Wine reviews – By Michael Wolsey

Why do wine waiters hold one hand behind their backs when they pour? Nobody seems to know. Waiters tell me they were trained to pour this way but none of them have any idea why. If you know, I’d like to hear from you. Drop me a line to ceannline@gmail.com and maybe we can clear up one of the world’s great mysteries. Next week: the third secret of Fatima.

There are lots of elaborate traditions around serving wine. Most of them have no real function but I like them all the same. They add to the pleasure of drinking a good wine.

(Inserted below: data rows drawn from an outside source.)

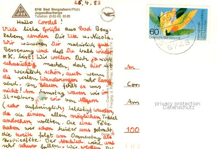 73617110 alte Postkarte Bad Bergzabern Jugendherberge Fliegeraufnahme postalisch gelaufen Erhaltung siehe scans [PaolaD17] KatCode: 11110007337005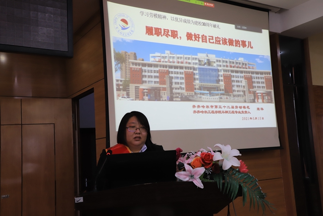 市第三十二届劳动模范宋华以《履职尽职,做好自己应该做的事儿》为题,结合自身工作分享了自己四个“五年”成长故事,第一个五年从合格教师到专科专业长,第二个五年从专科专业长到本科专业长,第三个五年成长为合格本科专业长,在工作中深化课程改革,提升专业内涵建设,第四个五年成长为优秀本科专业长。参与了学校升本评估、本科合格评估,见证了学校通过教育部普通高等学校本科教学工作合格评估。未来可期,宋华表示:在学校的不断向前发展中,自己也与学校共同成长,每一步成功都不是巧合,而是需要不断的努力、坚持和创新。
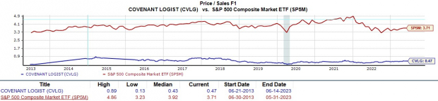 More intriguing, investors are only paying $0.47 for every $1 the company makes. Covenant’s price-to-sales ratio of 0.47X is also a distinct discount to the industry’s 1.05X average and the benchmark’s 3.71X.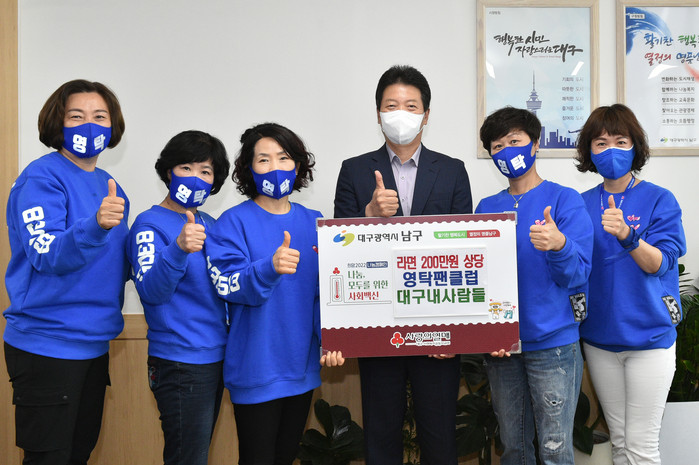 [로컬세계 박세환 기자]대구 남구청은 지난 6일, 가수 영탁 팬클럽 '대구 내사람들'에서 남구청을 방문해 관내 어려운 이웃에게 전달해 달라며 라면(200만원 상당)을 기탁했다고 11일 밝혔다. 이날 전달된 라면은 남구의 생활이 어려운 저소득 세대에 전달될 예정이다.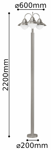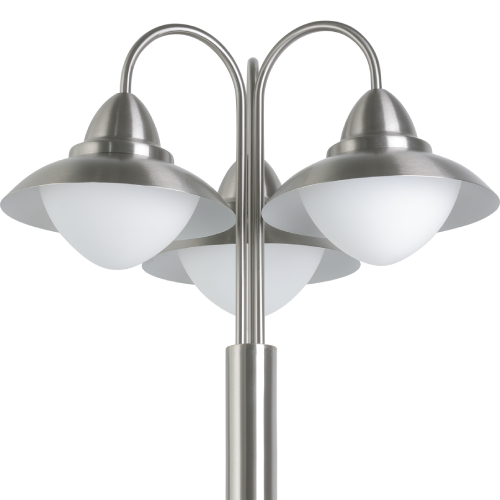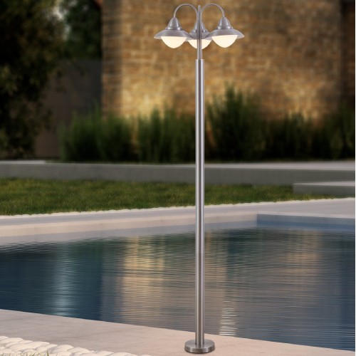 Stalpul SIDNEY are un corp din oțel inoxidabil și trei capete cu geamuri din sticlă opal mată în alb. Stalpul SIDNEY este potrivit pentru utilizare în exterior datorită protecției sale IP44 împotriva stropirii apei, iar stilul său clasic va completa frumos spațiul tău exterior. Becurile nu sunt incluse. Produsul măsoară 220 cm și are suporturi E27 care necesită becuri E27.

Tasting the wine was traditionally done to detect ‘corking’. That has nothing to do with broken cork but with contamination from natural elements that occur in some corks. You can also detect oxidization which occurs when the wine has been exposed to oxygen, leaving it a bit flat and vinegary. Both problems are very rare these days and never happen with screw-top bottles.

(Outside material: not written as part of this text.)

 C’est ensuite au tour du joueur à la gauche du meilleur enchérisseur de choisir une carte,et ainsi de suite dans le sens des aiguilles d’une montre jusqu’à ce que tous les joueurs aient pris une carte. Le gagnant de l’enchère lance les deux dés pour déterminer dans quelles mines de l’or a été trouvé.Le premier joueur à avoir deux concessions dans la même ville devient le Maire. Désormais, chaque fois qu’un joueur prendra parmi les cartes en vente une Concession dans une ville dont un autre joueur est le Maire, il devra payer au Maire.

To get the best out of a good wine, half-fill a decent-sized glass – not the giant things some restaurants use but a reasonable, wide, tulip-shaped glass. Hold it by the stem so your hand does not change the wine’s temperature. Swirl it a little to let in some air, sniff to enjoy the scent, roll it over your tongue and the back of your mouth, then swallow and enjoy.

There is no point in doing all this with cheap wine off the bottom shelf of a supermarket. And it is better done at home than in a restaurant where it will annoy the waiter and make you look like a pompous prat. But in the privacy of your own home you can indulge your inner wine snob.